John Lang Currie (17 November 1818 – 11 March 1898), Australian pastoralist, was born in Selkirkshire, Scotland, and migrated to the Port Phillip district (later Victoria in 1841. By borrowing money from his family he was able to buy the 129.50 km^{2} Larra run near Camperdown in the Western District, and 1500 sheep, for 750 pounds. In 1844 he began his stud with Saxon merinos from Van Diemen's Land, then bought sheep from John Macarthur's flock at Camden, New South Wales. After a difficulty start he prospered as a sheep breeder and wool-grower.

==Perfect Wool==
In the 1860s Currie established the "Larra lustre" breed of merino sheep. Within ten years the success of the Larra lustre wool made him both rich and famous. In London a bale of Larra wool was declared "perfect" by English wool-buyers. By 1881 Currie could get five guineas a head for his rams. Currie's rams were sold for high prices all over Australia, in South Africa and the United States. In the 1880s Currie was one of the best merino breeders in Australia.

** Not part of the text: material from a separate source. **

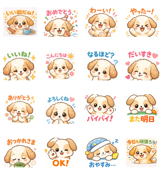 | スタンプ説明 | A set of adorable puppy stickers for daily chats. Perfect for greetings, thanks, love, and encouragement. Easy to use and full of warmth. |

The 1862 Land Act, which opened the squatters' land up to small farmers, threatened to ruin Currie and other of his class. But he had enough capital to beat the intention of the act, which was to break up his estates. He bought the 68.80 km^{2} Titanga estate in 1886 and the 80 km^{2} Gala estate in 1889. By the mid-1890s he owned 323.75 km^{2} of freehold land, in an area acknowledged to be the finest sheep country in the world, on which he ran 100,000 sheep. Currie also had pastoral interests in New South Wales and Queensland. He also went into textile manufacturing, becoming chairman of the Victorian Woollen and Cloth Manufacturing Co.

Unlike other Western District pastoralists, Currie had no interest in politics, and declined several invitations to stand for the Victorian Legislative Council, which was dominated by landowners. He was a justice of the peace and an elder of the Presbyterian Church of Australia. He gave large sums to Presbyterian charities. He was a sponsor of the Skipton Sheep Show and a fellow of the Royal Geographical Society.

==Personal life==
Currie lived either on his estates or in Geelong until the 1870s, but in 1871 he moved to Melbourne and built Eildon Mansion in Grey St, St Kilda, where he lived until his death in 1898. He left an estate of 479,000 pounds, a huge sum at that time. He was married to Louise Johnston and had five sons and three daughters.

He was a keen book collector and built up a substantial library at Larra. In 1901, one of his daughters presented his 800 volume collection of Australiana to Ormond College library at the University of Melbourne. This collection later found its way into the State Library of Victoria where it is now housed in the La Trobe Rare Book Collection.